I was one of the 1962 intake at that Northern UK art college and felt a frisson of excitement every day at the shackles of strictly uniformed grammar school years were cast off for a dress code of anything-goes so long as it included blue jeans (and for me, collarless blue or white ex-army officer’s cotton shirts worn outside with an ethnic sash tied at the waist). We were given freedom for the first time in our lives (although I was one of the few who still lived at home) and we all took the bait and included “free love” in the equation!
However, and back to the artwork, I clearly remember this exercise even though it was done all of fifty years ago. The group had a choice of several objects, large and small, with the medium of expression being left to our own imagination and skills. I cannot remember the time we were given – it was meant to be basically a quick exercise – and although I now like to think it was a 10-minute bash, in reality it was probably a 30-minute period more in line with the limits given to contestants on the “Top Chef” programmes so popular on French TV.

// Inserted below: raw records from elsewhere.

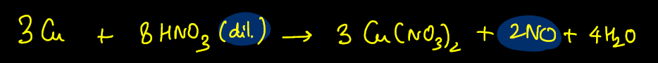 HNO3 with Cu (dilute)
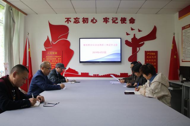 2019年4月2日,继续教育培训部在行政楼101室召开教职工理论学习会,会议由继续教育培训部主任黄文清主持。
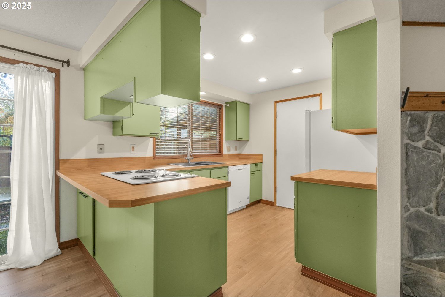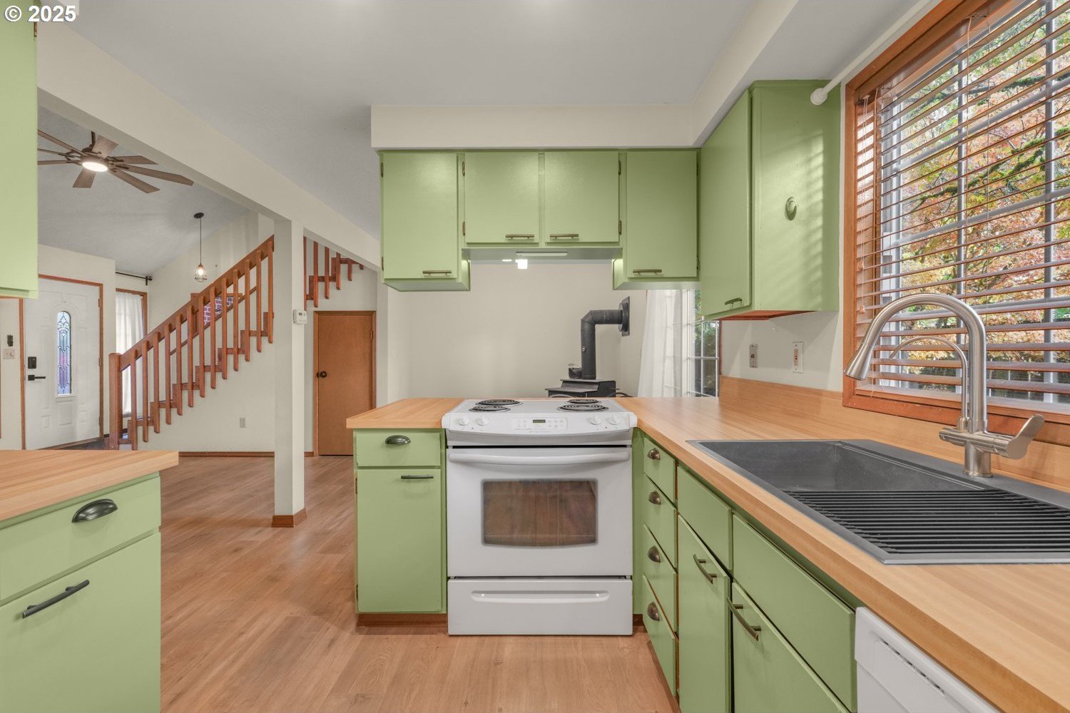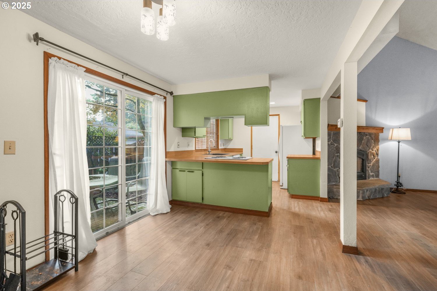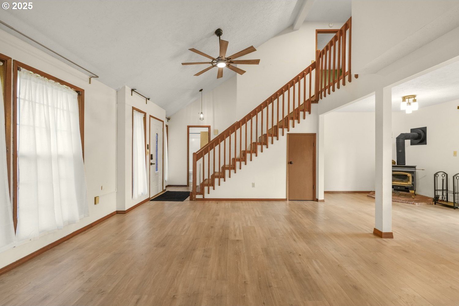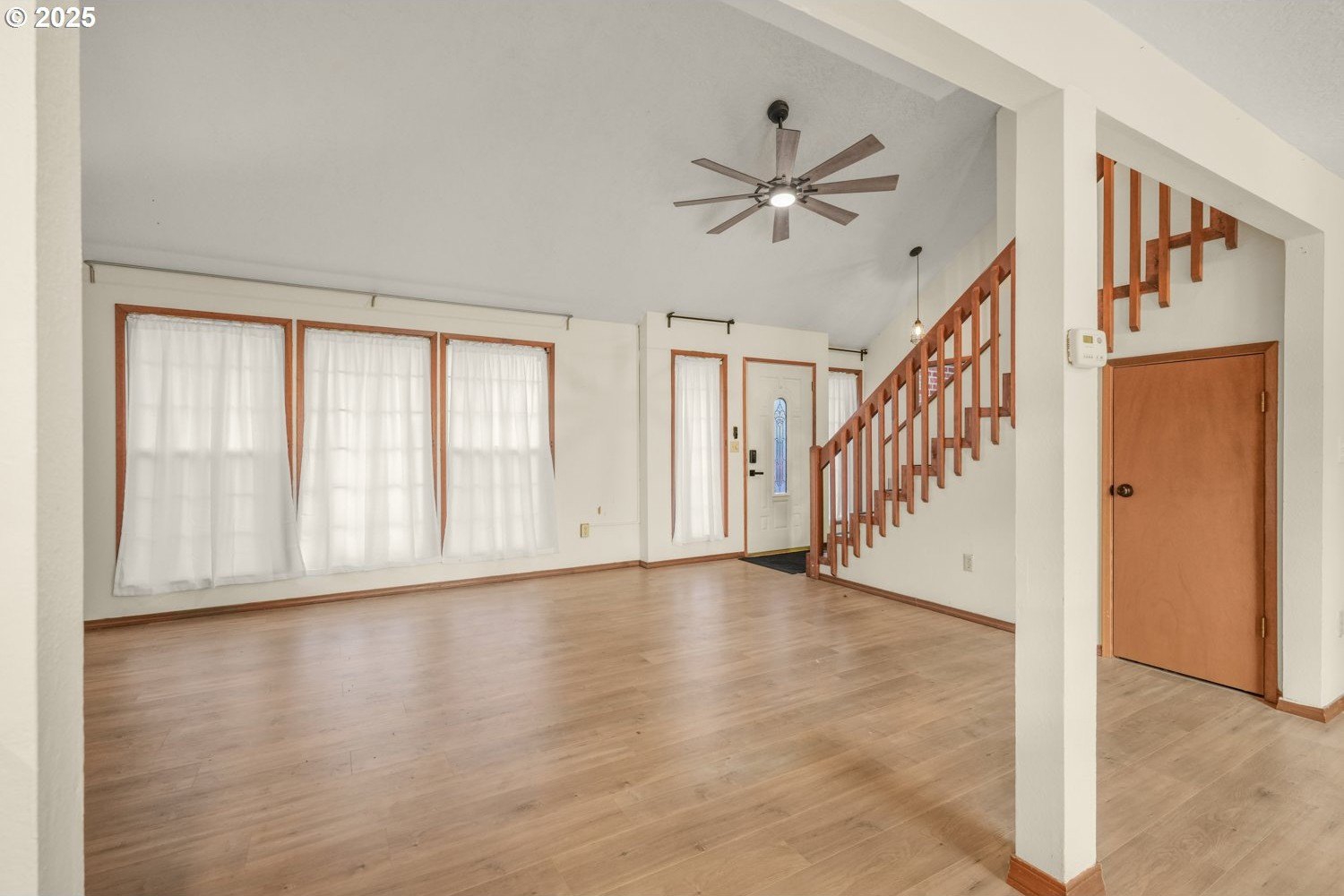 Move-in Ready Gem on Private Flag Lot! Tucked away on a peaceful flag lot, this 3-bedroom, 2-bath home sits on a generous .22-acre lot and offers an inviting open-concept layout. The spacious, bright living room features vaulted ceilings and a stunning stone fireplace, flowing seamlessly into the dining area with sliders leading to a sunny patio that's perfect for indoor/outdoor living. The main-level primary suite includes sliders to a covered patio and an expansive deck ideal for morning coffee or evening relaxation. Upstairs, you'll find two comfortably sized bedrooms and a full guest bath. The large, fenced backyard is designed for entertaining with multiple outdoor spaces, a patio, covered patio, and deck, all ready for gatherings or quiet enjoyment. Recent updates include a replaced roof, new hot water heater, new sink, new living room fan, new refrigerator/freezer, and new washer and dryer. Conveniently located just minutes from dining, shopping, schools, and neighborhood parks, with a great bike score, this home offers comfort, style, and convenience all in one. ** [Home Energy Score = 6. HES Report
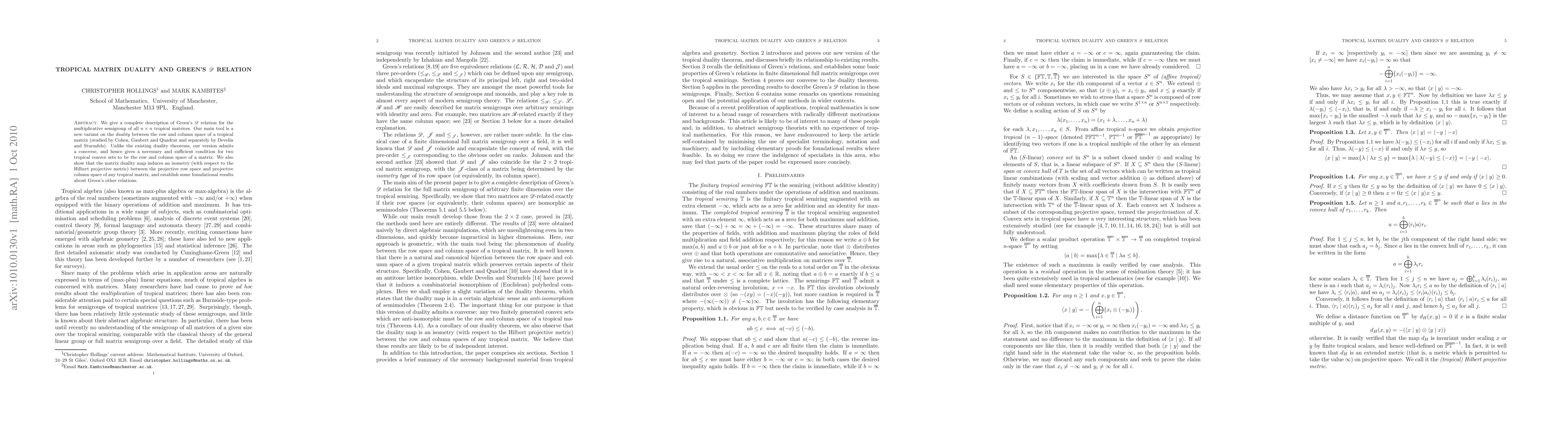 We give a complete description of Green's D relation for the multiplicative semigroup of all n-by-n tropical matrices. Our main tool is a new variant on the duality between the row and column space of a tropical matrix (studied by Cohen, Gaubert and Quadrat and separately by Develin and Sturmfels). Unlike the existing duality theorems, our version admits a converse, and hence gives a necessary and sufficient condition for two tropical convex sets to be the row and column space of a matrix. We also show that the matrix duality map induces an isometry (with respect to the Hilbert projective metric) between the projective row space and projective column space of any tropical matrix, and establish some foundational results about Green's other relations.
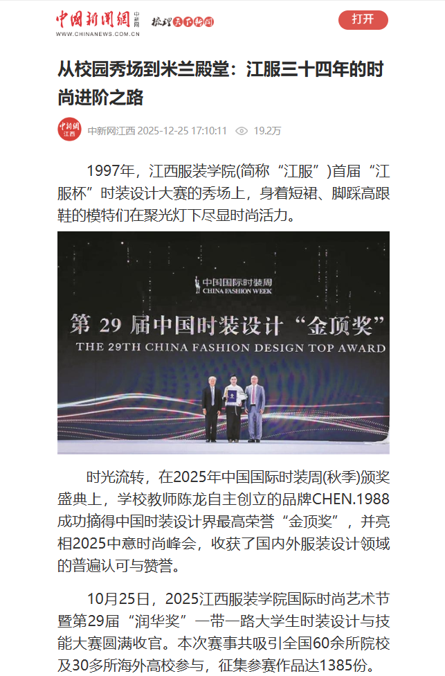 1997年,江西服装学院(以下简称“江服”)首届“江服杯”时装设计大赛的T台上,身着短裙与高跟鞋的模特在聚光灯下迸发出时尚魅力。星移斗转,在2025年中国国际时装周(秋季)颁奖典礼上,江服创建的服装品牌CHEN.1988斩获中国时装设计领域的最高荣誉“金顶奖”并亮相2025中意时尚峰会,赢得中外服装设计界的广泛赞誉。从校园T台到国际时尚殿堂,这所专注于服装领域的特色学府,走出一条服饰文化出海的时尚之路。
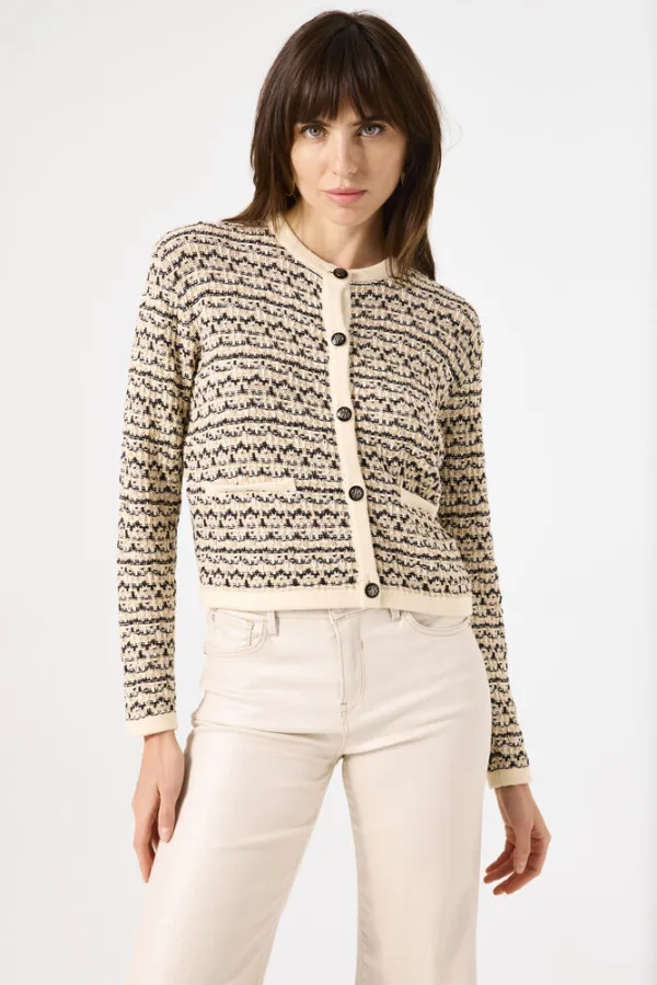 Vest met beige print en structuur. Het ideale item voor het najaar! Dit vest heeft een ronde hals, knoopsluiting, paspelzakken en een regular fit. Dit item is gemaakt van 42% katoen, 28% acryl, 17% viscose, 8% polyester en 5% metallic yarn. Better Cotton is een initiatief dat zich wereldwijd inzet voor betere omstandigheden in de katoenindustrie.
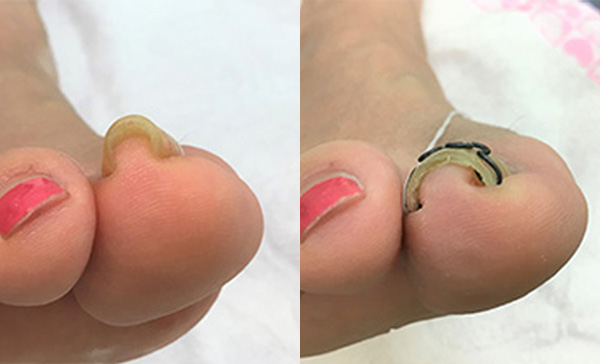 ストロー状の巻き爪が一度の施術でかなり開き、とても楽になりました。
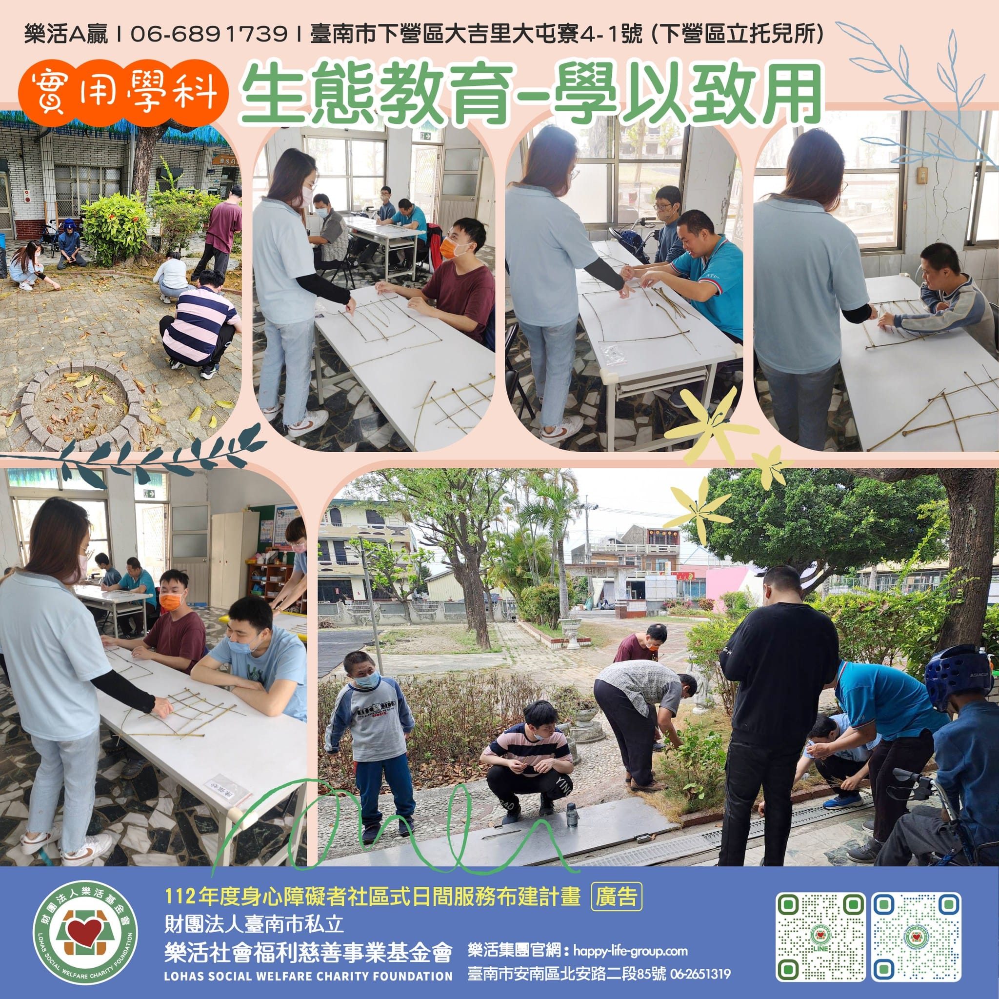 樂活A贏<實用學科–生態教育,學以致用>大家一起來撿樹枝,把環境整理乾淨再把樹枝拼成喜…

I chose a small sea shell as my subject with a bottle of black ink, a pen-nib, stick from a shrub in the garden, a wax candle and a small/medium watercolor paint brush, on dampened cartridge paper. Dampening our drawing-paper sheets was a normal procedure – using brown gummed tape all around the edges so it stayed “stretched” and flat on drying – but on this occasion I drew rapidly with a pen-nib and included a few sweeps of a wax-candle to act as a “resist” to the later ink-wash… then filed-in the solid areas whilst the paper was still quite damp, allowing the ink to merge and spread within the paper’s surface. My intention (now forgotten) at the time was probably to re-create a “wet-look” for the watery subject… and the dribbly blurs do seem to represent delicate fronds of sea-weed or other organic frond-life growing from the shell’s surface.